索引方法用于创建一个新列,该列计算与同一组中遇到的先前值的滞后。该组使用“by”属性进行说明。添加新列并使用 c(NA, x[-.N]) 方法添加其对应的值,其中 x 是用于计算新列值的列的指示符。使用 NA 替换特定组中值的第一个实例。
句法:
dt[, new-col-name := c(NA, x[-.N]), by ]
示例 1:比较 R Data.table 中的相邻行
R
# importing required packages
library("data.table")
# declaring data frame
data_frame <- data.table(col1 = sample(letters[1:4],12, replace = TRUE),
col2 = sample(1:6 , 12, replace = TRUE)
)
print ("original data frame")
print (data_frame)
# computing lag group by column1
data_frame[, lag := c(NA, col2[-.N]), by = col1]
print ("modified data frame")
print (data_frame)
R
# importing required packages
library("data.table")
# declaring data frame
data_frame <- data.table(col1 = sample(letters[1:4],12, replace = TRUE),
col2 = sample(1:6 , 12, replace = TRUE)
)
print ("original data frame")
print (data_frame)
# computing lag group by column1
data_frame[, lag := c(NA, col2[-.N]), by = col1]

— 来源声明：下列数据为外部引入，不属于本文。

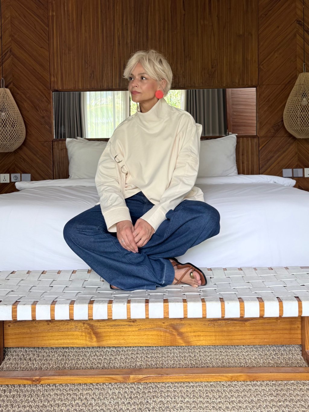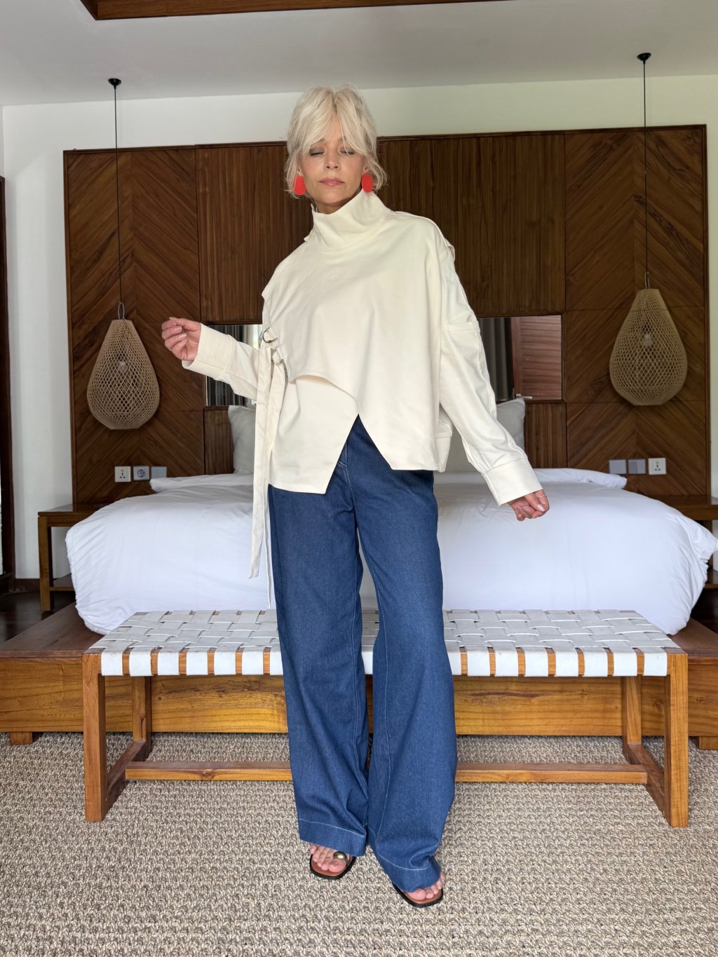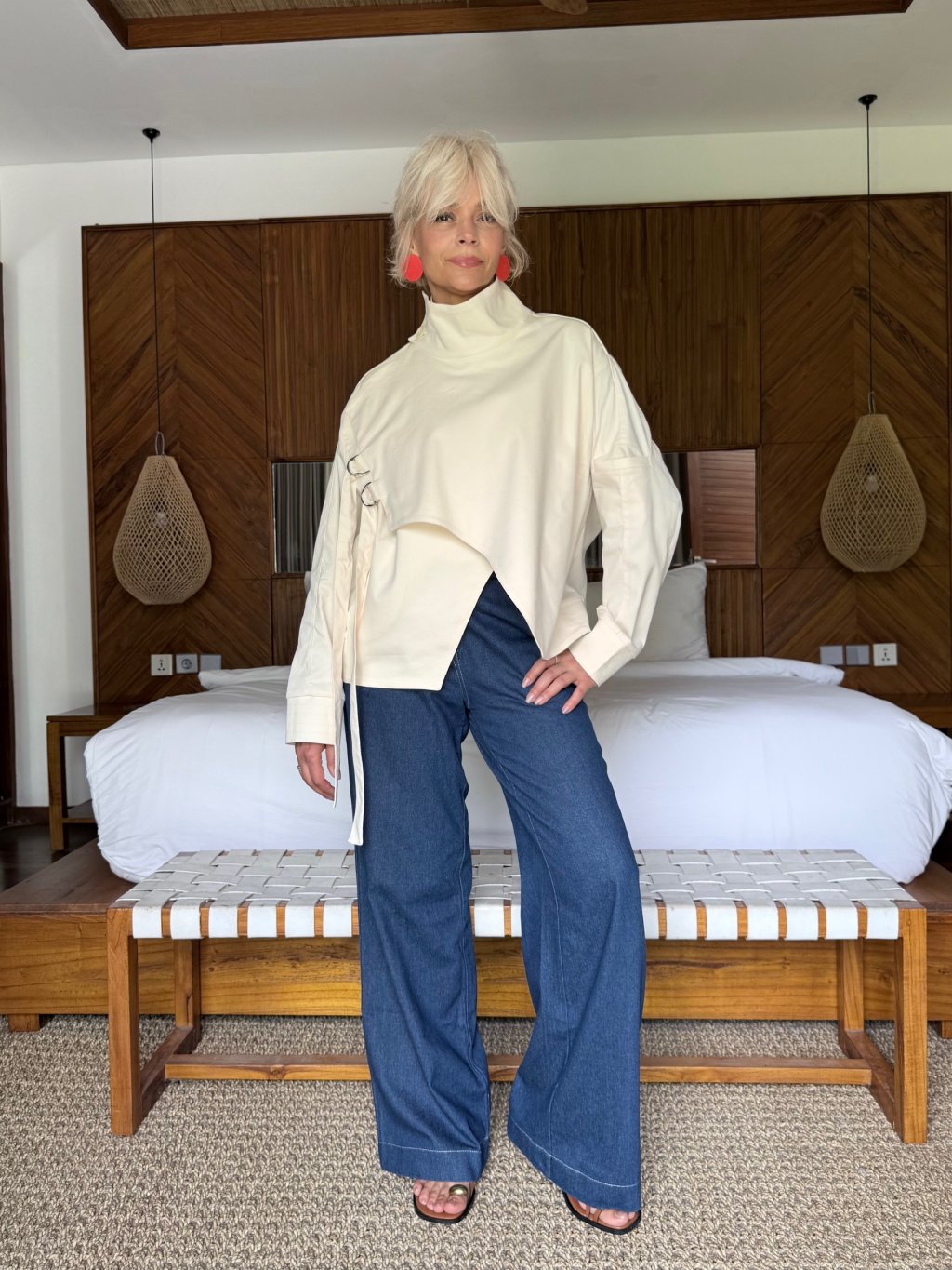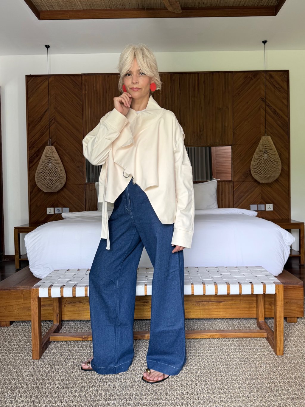 Asymetrický střih a jemné detaily dodávají bundě moderní a nadčasový vzhled. Díky volnějšímu střihu krásně sedí na postavě a umožňuje snadné vrstvení.
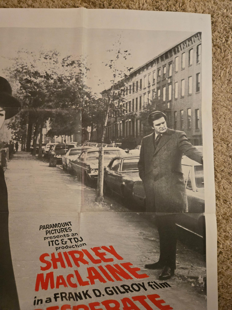 This vintage poster for Desperate Characters is a moody and evocative piece of early 1970s cinema marketing, ideal for collectors who appreciate literary adaptations and award-winning performances. Title: Desperate Characters Year: 1971 Studio: Paramount Pictures Rating: Restricted (Under 17 requires accompanying parent or adult guardian) Poster Serial: 7/4327 Format: Color by TVC Starring: Shirley MacLaine (Winner of Best Actress, 1971 Berlin Film Festival), Kenneth Mars, Gerald O’Loughlin as “Charlie,” Sada Thompson, Jack Somack Directed, Written, and Produced by: Frank D. Gilroy Based on the novel by: Paula Fox Co-Producer: Paul Leaf Visual Composition: Black-and-white photograph of two figures on a gritty urban sidewalk, framed by parked cars and brownstones. Shirley MacLaine stands in a dark coat and hat, exuding quiet tension; the man beside her interacts with a car, adding a sense of motion and unease. Typography: Red and black text overlays the image, emphasizing the film’s stark emotional tone. Mood: Urban isolation, emotional disconnection, and existential dread—mirroring the film’s themes. Poster Overview
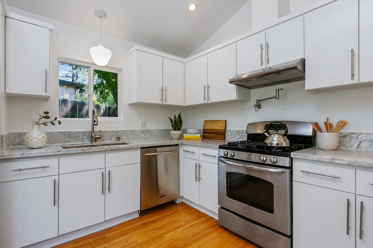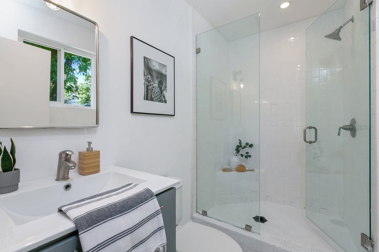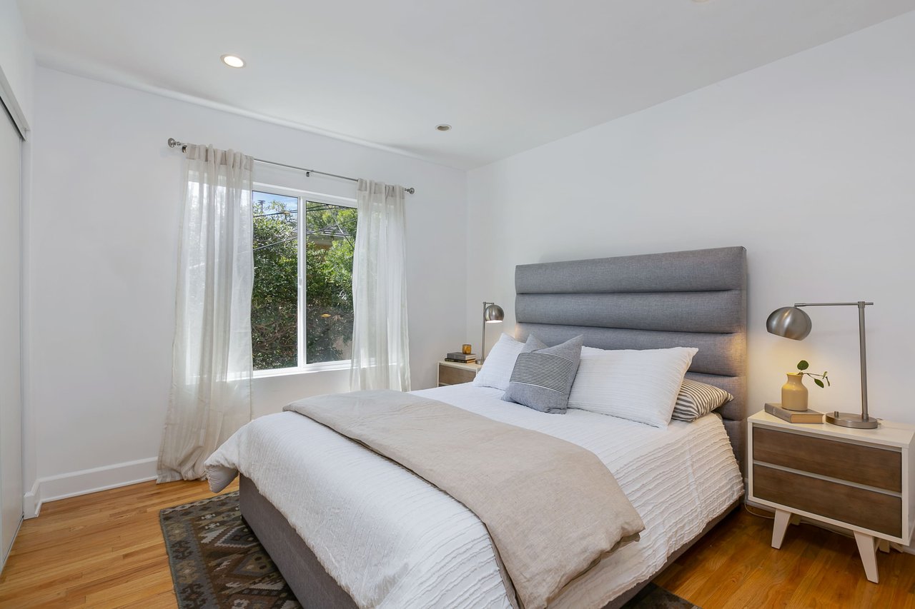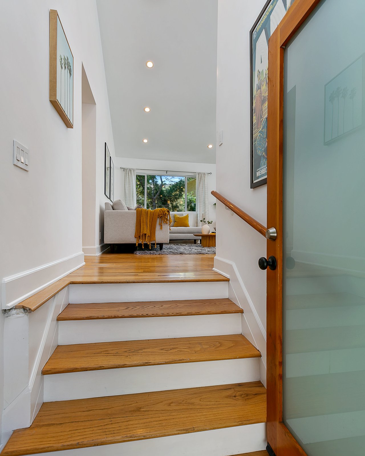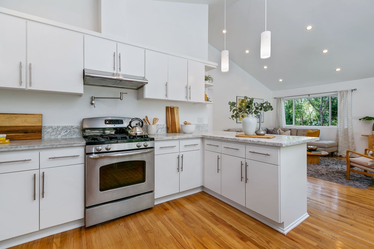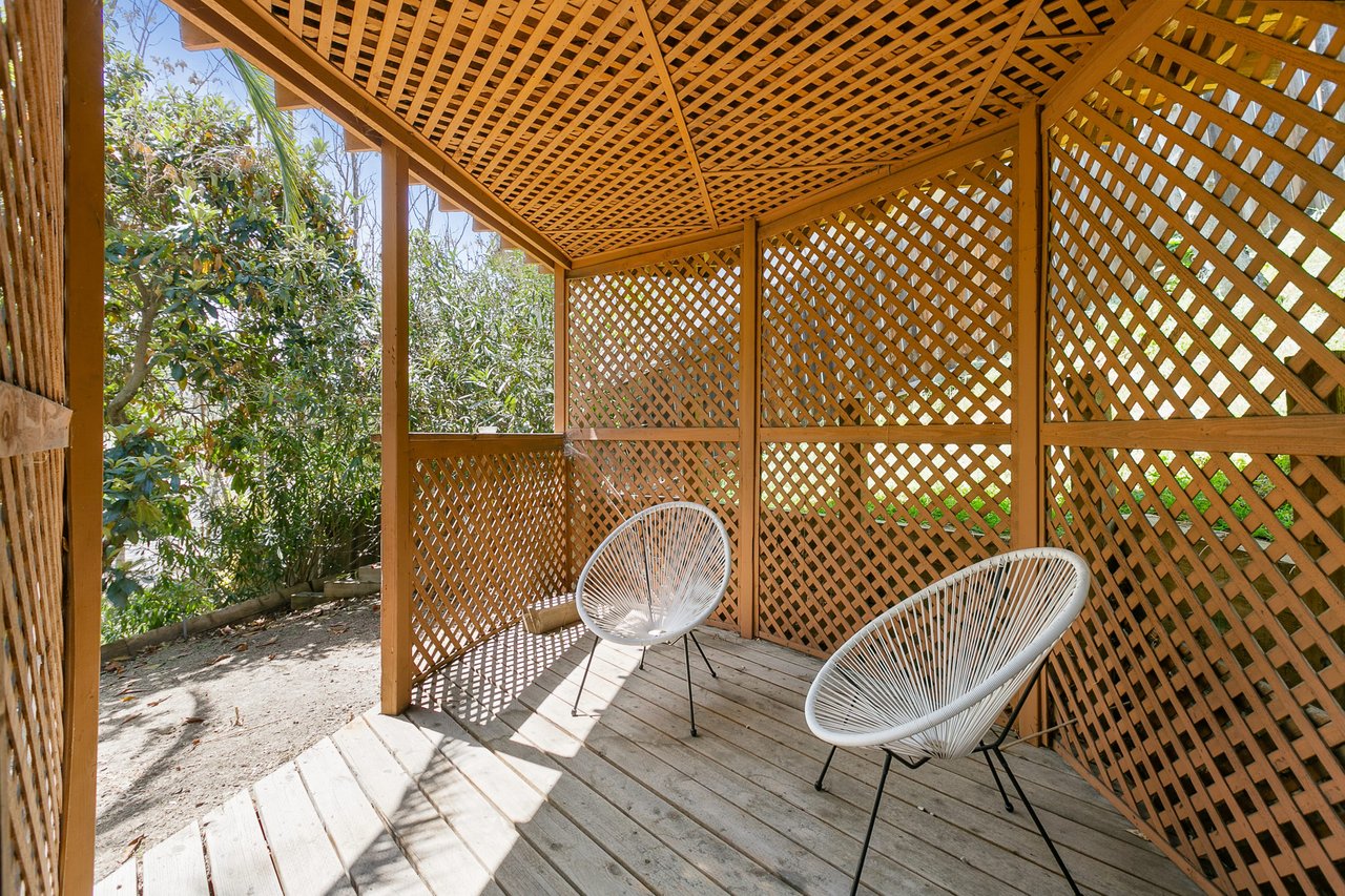 Montecito Heights Mid-Century Modern! Canopied side walkway leads to formal entry and large open plan family room featuring updated kitchen with stainless appliances. Also includes high vaulted ceiling, peninsula with breakfast bar, hardwood floors and folding doors leading right outside to large deck and flat and terraced yard. Yard includes mature trees and a shady gazebo and extends to terraces that stretch all the way up to the next street providing amazing space and privacy. Three bedrooms and two baths--with one bath en-suite and one bedroom with views overlooking the canyon. Beautiful two car garage with direct entry, and separate bonus room/office next to the garage. Amazing location--exit the freeway and in a few minutes, you are home in the rustic hills.

print ("modified data frame")
print (data_frame)
data_mod <-data_frame[, difference := col2 - lag]
print ("modified data frame")
print (data_mod)
R
# importing required packages
library("data.table")
# declaring data frame
data_frame <- data.table(col1 = sample(letters[1:4],16, replace = TRUE),
col2 = 100:115
)
print ("original data frame")
print (data_frame)
# computing difference
data_frame[, col3 := c(NA, col2[-.N]), by = col1]
data_mod <-data_frame[, difference := col2 - col3]
print ("modified data frame")
print (data_mod)
输出
[1] "original data frame"
col1 col2
1: b 6
2: c 5
3: a 1
4: d 6
5: d 5
6: b 6
7: b 5
8: a 2
9: c 6
10: a 3
11: a 4
12: d 1
[1] "modified data frame"
col1 col2 lag
1: b 6 NA
2: c 5 NA
3: a 1 NA
4: d 6 NA
5: d 5 6
6: b 6 6
7: b 5 6
8: a 2 1
9: c 6 5
10: a 3 2
11: a 4 3
12: d 1 5
现在,使用新列和现有列 x 的值在数据表中使用的公式计算相邻行之间的差异。
句法:
data_frame[, diff-col := x – new-col-name]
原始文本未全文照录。